My hon. Friend is right. The policy of providing a NICs break only for new employees raised all sorts of practical questions such as who constituted a new employee and what perverse incentives might have been created. That is not dissimilar to the point that my hon. Friend Margot James has made about Labour’s current policy.
I will turn to the other elements of the Bill. Clauses 9 and 10 relate to the general anti-abuse rule. The Government announced at last year’s Budget that they accepted the recommendation of the Aaronson report to introduce a GAAR targeted at abusive tax avoidance schemes. The GAAR was introduced in part 5 of the Finance Act 2013 and has been in force since July. This Bill will apply the GAAR to national insurance contributions.
Clause 11 relates to oil and gas workers. In this year’s Budget, the Chancellor announced that the Government would strengthen the legislation on offshore employment intermediaries. The Bill will address the non-payment of employer’s national insurance contributions in the oil and gas industry through the placement of the employer of oil and gas workers who are working on the UK continental shelf outside the UK. The measure has been subject to consultation. The consultation document, “Offshore employment intermediaries”, was published on
The Government intend to address those offshore employment schemes largely by using existing powers contained in social security legislation. The Bill supplements those with a new certification provision for the oil and gas industry. That provision will apply where the national insurance obligations are fulfilled by someone on behalf of the person deemed to be the employer for national insurance purposes.

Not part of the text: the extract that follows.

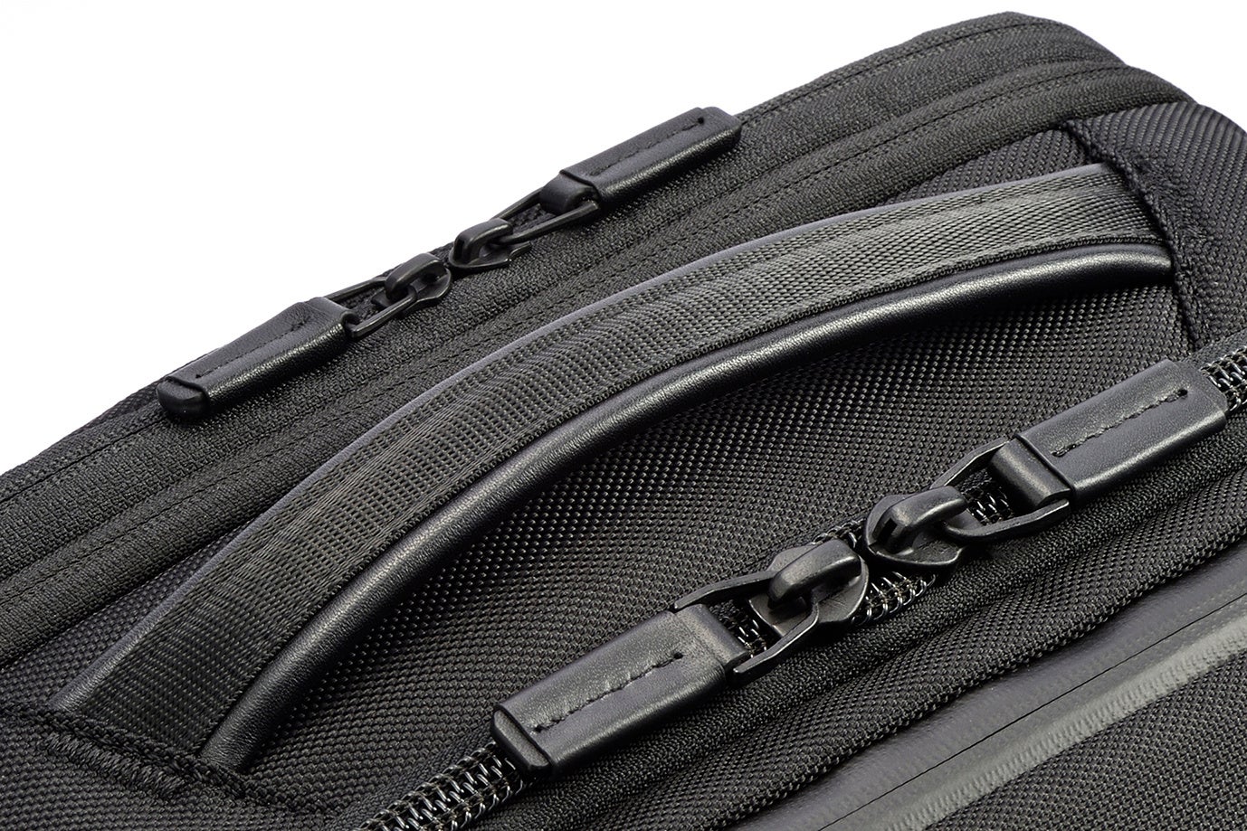 そこで、本体素材にビジネスバッグらしい太番手のナイロンを使用しながらも、カジュアルファッションにも合わせやすいオンオフ兼用デザインに仕上げました。

Clause 11 is part of a measure that, as a whole, is expected to bring in the region of £100 million per year to the Exchequer, without having a significant economic impact on the oil and gas industry. Staff costs for some businesses may increase if they had not previously been accounting properly for all tax and NICs. There will be little cost to the Government through additional administration, other than HMRC implementing the new certification system, and I hope hon. Members will agree that this is a straightforward and uncontroversial provision.

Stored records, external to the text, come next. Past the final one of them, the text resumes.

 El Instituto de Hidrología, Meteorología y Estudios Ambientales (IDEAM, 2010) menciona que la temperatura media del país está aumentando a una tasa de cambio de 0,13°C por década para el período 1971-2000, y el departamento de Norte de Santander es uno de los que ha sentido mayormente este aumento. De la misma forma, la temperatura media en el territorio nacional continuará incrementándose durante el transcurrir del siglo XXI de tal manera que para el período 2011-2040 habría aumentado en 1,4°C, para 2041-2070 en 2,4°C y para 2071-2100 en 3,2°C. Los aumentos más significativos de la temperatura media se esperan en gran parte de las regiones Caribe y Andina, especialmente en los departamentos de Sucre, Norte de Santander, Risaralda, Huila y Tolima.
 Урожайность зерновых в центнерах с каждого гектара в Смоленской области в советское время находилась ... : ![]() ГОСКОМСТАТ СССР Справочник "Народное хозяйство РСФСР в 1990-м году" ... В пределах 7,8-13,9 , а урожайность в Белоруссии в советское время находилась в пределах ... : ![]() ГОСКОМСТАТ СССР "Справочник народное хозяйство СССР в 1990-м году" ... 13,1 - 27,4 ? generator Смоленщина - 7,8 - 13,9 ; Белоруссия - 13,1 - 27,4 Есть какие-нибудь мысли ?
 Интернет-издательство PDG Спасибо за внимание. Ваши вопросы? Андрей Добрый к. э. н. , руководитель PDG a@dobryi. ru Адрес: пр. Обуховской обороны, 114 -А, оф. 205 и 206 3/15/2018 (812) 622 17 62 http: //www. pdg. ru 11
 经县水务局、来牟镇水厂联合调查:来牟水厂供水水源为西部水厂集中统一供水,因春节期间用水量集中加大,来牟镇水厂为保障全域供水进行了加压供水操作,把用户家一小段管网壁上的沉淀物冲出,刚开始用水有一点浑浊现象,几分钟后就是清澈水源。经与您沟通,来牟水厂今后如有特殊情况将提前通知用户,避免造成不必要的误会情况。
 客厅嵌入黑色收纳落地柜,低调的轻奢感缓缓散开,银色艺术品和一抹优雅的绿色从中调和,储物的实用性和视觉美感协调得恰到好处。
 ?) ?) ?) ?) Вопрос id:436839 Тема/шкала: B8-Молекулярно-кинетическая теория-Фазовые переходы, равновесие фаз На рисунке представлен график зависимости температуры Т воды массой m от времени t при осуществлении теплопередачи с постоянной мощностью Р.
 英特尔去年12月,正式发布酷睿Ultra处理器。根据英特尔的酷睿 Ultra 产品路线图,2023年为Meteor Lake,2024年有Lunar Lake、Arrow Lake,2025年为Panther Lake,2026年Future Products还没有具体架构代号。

Finally, I wish to refer to provisions in the Bill concerning HMRC’s partnership review, which are contained in clauses 12 and 13. Following the Chancellor’s Budget announcement, HMRC carried out a consultation on two aspects of the partnership rules between May and August this year, and the Government are bringing forward measures in the Bill as a result of that review. The Government are proposing two sets of changes, the first of which was not part of the consultation proposals but resulted directly from information received during that consultation. It concerns a tax issue that can arise from the interaction of the alternative investment fund managers directive—AIFMD—and existing partnership tax rules. Only those alternative investment fund managers who operate as a partnership will be affected by the proposed changes in the Bill.

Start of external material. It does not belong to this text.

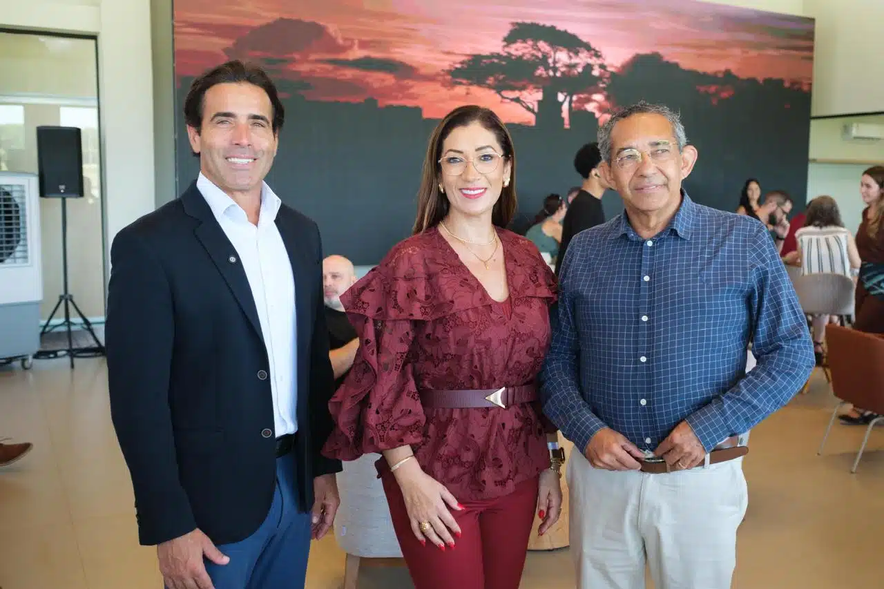 Rodrigo Laranja e Cristiane e Douglas Vaz no pré-lançamento do Boulevard Arbori, fruto da parceiros entre a Portocale e a Vaz Desenvolvimento Crédito: Diego Morales.
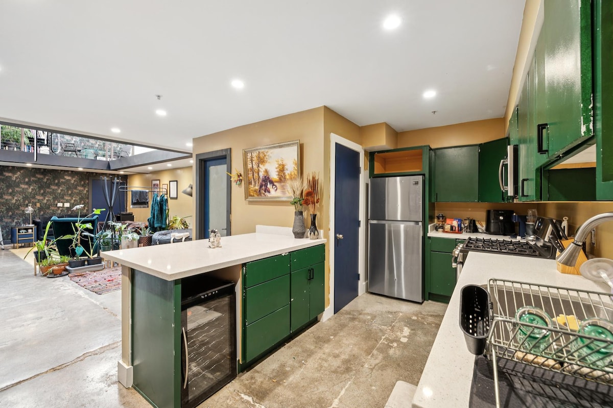 Step into a one-of-a-kind 1,100 sq ft warehouse loft in West Oakland where luxury, art, and indulgence collide. Designed as a living art gallery with Hollywood Regency glamour and jungle urbanism, this adults-only retreat features an indoor spa hot tub, private loft cinema, king mezzanine suite, and a professional creator’s workstation — all wrapped in lush greenery and dramatic skylight ambience. Seven minutes to both downtown SF and Oakland by train… but you may not want to leave.

A provision in the Bill will allow regulations to be made to modify the class 4 NICS liability of partners whose profits will be deferred under AIFMD, which aims to improve investor protection and reduce risk. The regulations will be based on new tax legislation that will be included in the forthcoming finance Bill. Measures will be included in the NICs Bill, the forthcoming finance Bill and secondary legislation to reclassify certain limited liability partnership—or LLP—members as employed earners for tax and national insurance purposes, to tackle the disguising of employment relationships through LLPs.
The tax and NICs changes are expected to bring in approximately £125 million to the Exchequer in the first year, while the broader economic impact is expected to be negligible. There will be changes to the NICs liability for certain partnerships and individual partners in the alternative investment fund sector. The Bill will also result in some LLPs in certain industry sectors where disguised employment has been most prevalent paying increased amounts of NICs.